(Data extracted from a collection)
Content starts
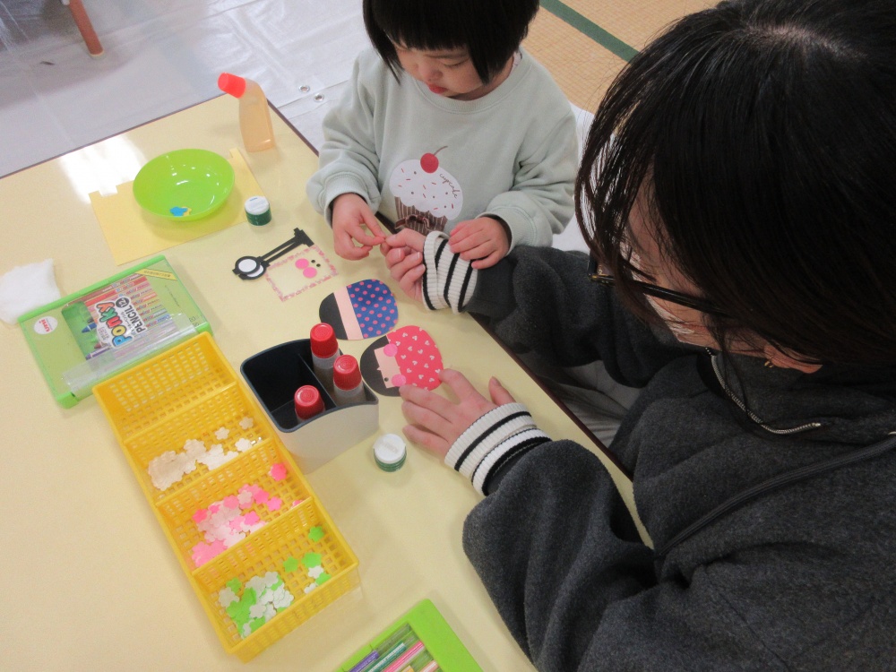 雛飾りは毎年パーツが多いので、お友だちもお母さんたちもドタバタ!笑
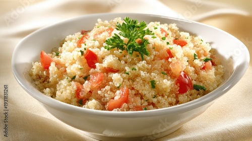 A close-up of a fluffy bowl of quinoa with chopped tomatoes and fresh parsley garnish, perfect for healthy eating.
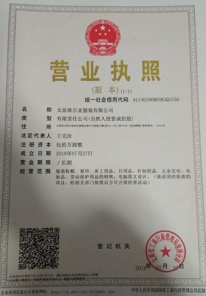 >> 資質證書 太原維爾亞服裝有限公司 - www.pangujihe.cn
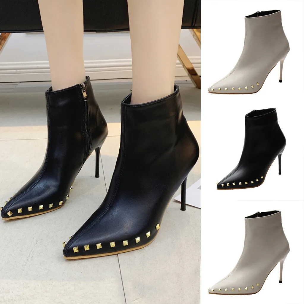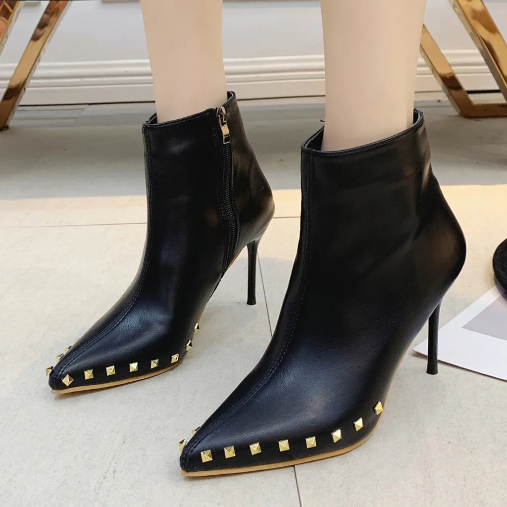 Женские пикантные ботинки на высоком каблуке-шпильке с острым носком; женские короткие ботильоны с боковой молнией
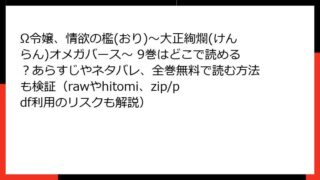 Ω令嬢、情欲の檻(おり)~大正絢爛(けんらん)オメガバース~ Ω令嬢、情欲の檻(おり)~大正絢爛(けんらん)オメガバース~ 10巻全巻無料で読むには?どこで読めるか徹底調査|あらすじ&ネタバレ・raw/hitomi/zip/pdfの危険も暴露
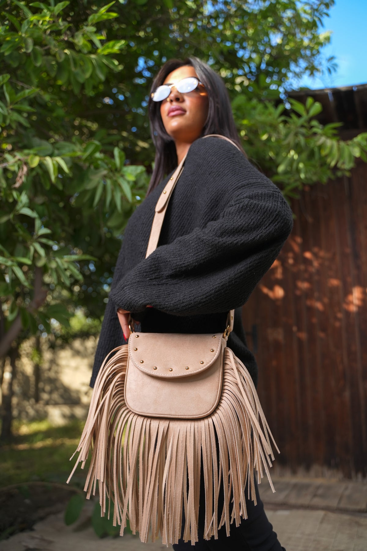 Turn heads with the Crimson Fringe Suede Shoulder Bag, a bold statement piece that fuses boho chic with modern sophistication. Crafted from soft faux suede in a rich crimson hue, this bag features long playful fringes that add dynamic movement and personality to your look.
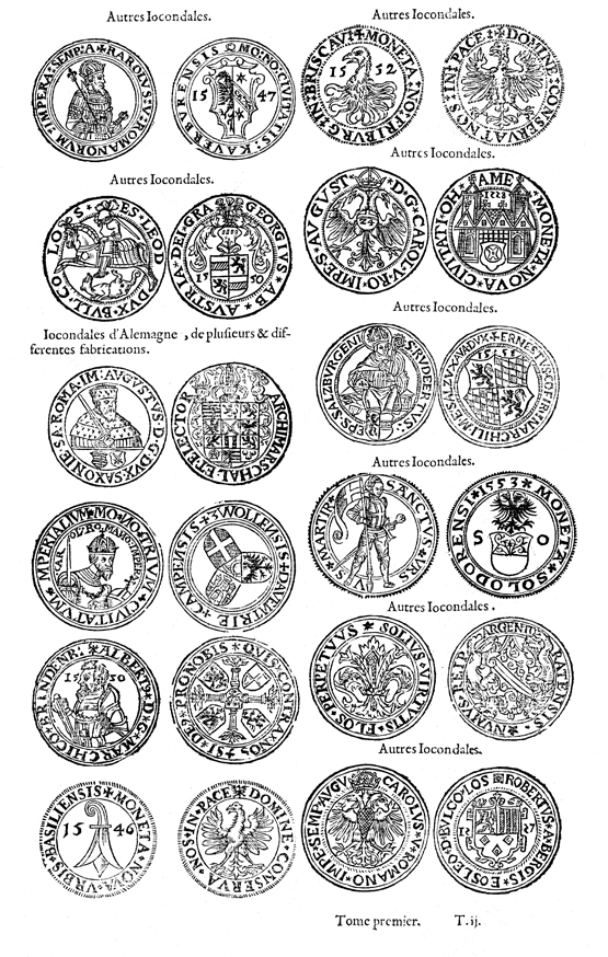 Description: This page contains images of silver thalers (called jocondales in the text) which circulated in Europe during the sixteenth century. The top left thaler features a portrait of Holy Roman Emperor Charles V (r. 1519-1556), opposite the arms of the Bavarian town of Kaufbeuren. Below this coin appears one with an image of Saint George slaying a dragon; the other side features the arms of George of Austria, prince-bishop of Liège from 1544 to 1557. The next three thalers contain bust portraits: the first features Augustus I, Elector of Saxony (r. 1553-1586), with his coat of arms; next appears Charles V, opposite the linked arms of Dutch cities Zwolle, Deventer, and Kampen; then appears Albert Albiciades, Margrave of Brandenburg-Kulmbach (r. 1527-1553). The column's final coin is of Basel, Switzerland, and features the city's symbol, a hooked staff resembling a crosier.
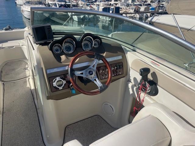 Sea Ray 280 Sundeck (2010). MERCRUISER 496 MAG DTS, BRAVO TRES (375 PS), 680 Stunden. Elektrische Ankerwinde, elektrischer Kühlschrank. Bimini-Top. Österreichische Flagge. WC (VacuFlush).
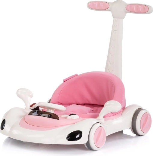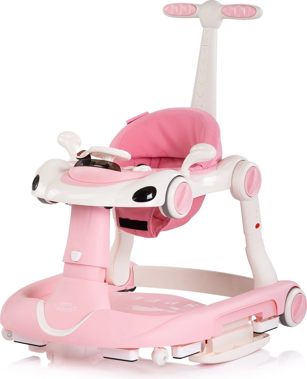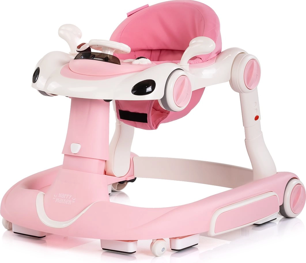 Универсалната проходилка 5-в-1 CHIPOLINO Happy Walker в розов цвят подпомага първите стъпки и забавното опознаване на света. Предлага стабилна конструкция, интерактивен игрови панел със светлини и музика, регулируема височина и родителска дръжка за безопасно водене. Благодарение на режим люлка и подскачане, антиплъзгащи подложки, спирачки и фиксация на колелцата е подходяща за ежедневна употреба и развитие на равновесие, координация и моторика.
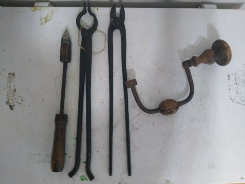 OLD USED VINTAGE TOOLS BLACKSMITH Tools Antique steel tongs
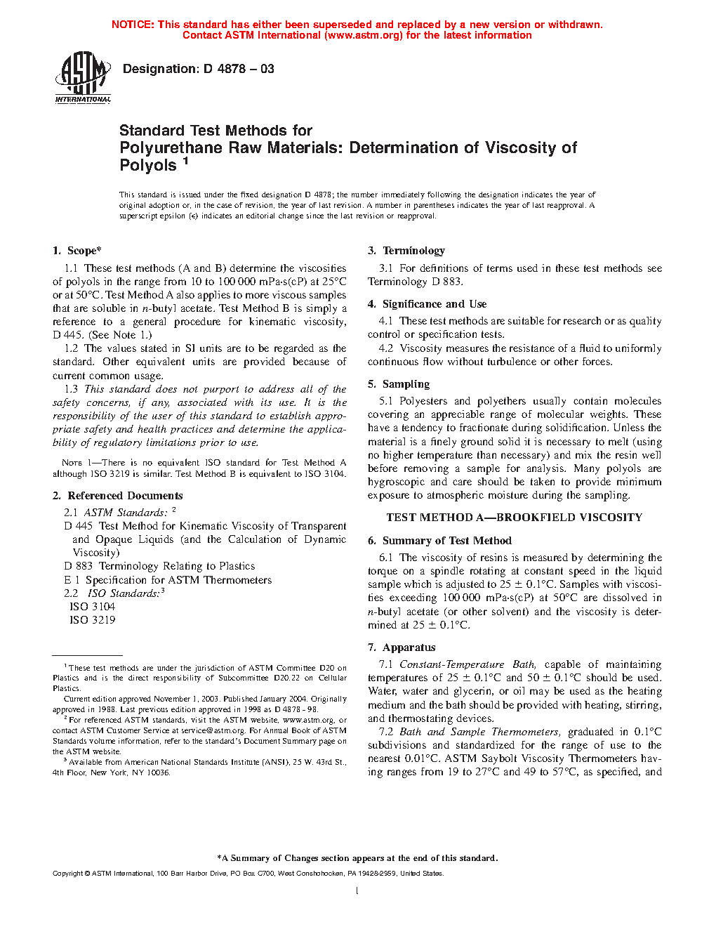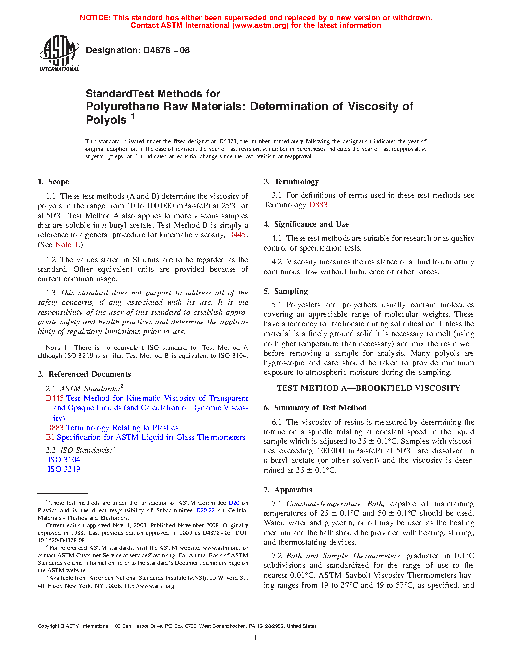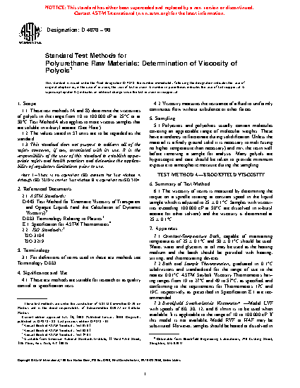 1.1 These test methods (A and B) determine the viscosities of polyols in the range from 10 to 100 000 mPas(cP) at 25°C or at 50°C. Test Method A also applies to more viscous samples that are soluble in n-butyl acetate. Test Method B is simply a reference to a general procedure for kinematic viscosity, D 445. (See Note 1.)
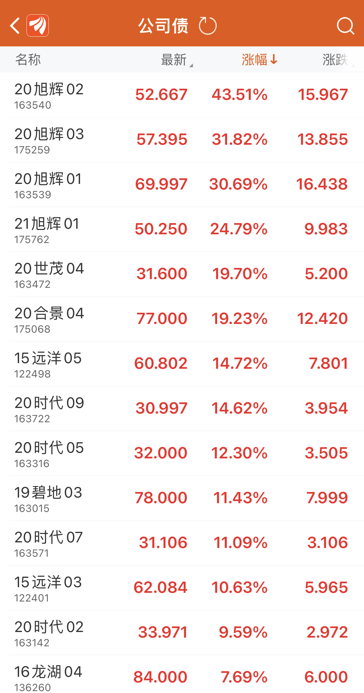 截至12月5日收盘,旭辉旗下多只创下超高涨幅,“20旭辉02”涨超43%,“20旭辉03”、 “20旭辉01”涨幅超30%,“21旭辉01”涨超24%。此外,金科、龙湖、世茂、合景泰富、远洋等旗下的公司债亦有大幅上涨。
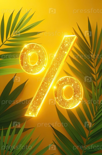 Яркий золотой процентный знак на желтом фоне с пальмами и тропическими растениями. жаркая летняя распродажа и скидки, горящий туристический баннер, флаер. ИИ генерируется
Content ends
Activity
Your answer should consist of the lines above between those holding "Sea Ray 280" and "OLD USED VINTAGE", inclusive, reproduced word for word and without pictures.

Task response
 Sea Ray 280 Sundeck (2010). MERCRUISER 496 MAG DTS, BRAVO TRES (375 PS), 680 Stunden. Elektrische Ankerwinde, elektrischer Kühlschrank. Bimini-Top. Österreichische Flagge. WC (VacuFlush).
 Универсалната проходилка 5-в-1 CHIPOLINO Happy Walker в розов цвят подпомага първите стъпки и забавното опознаване на света. Предлага стабилна конструкция, интерактивен игрови панел със светлини и музика, регулируема височина и родителска дръжка за безопасно водене. Благодарение на режим люлка и подскачане, антиплъзгащи подложки, спирачки и фиксация на колелцата е подходяща за ежедневна употреба и развитие на равновесие, координация и моторика.
 OLD USED VINTAGE TOOLS BLACKSMITH Tools Antique steel tongs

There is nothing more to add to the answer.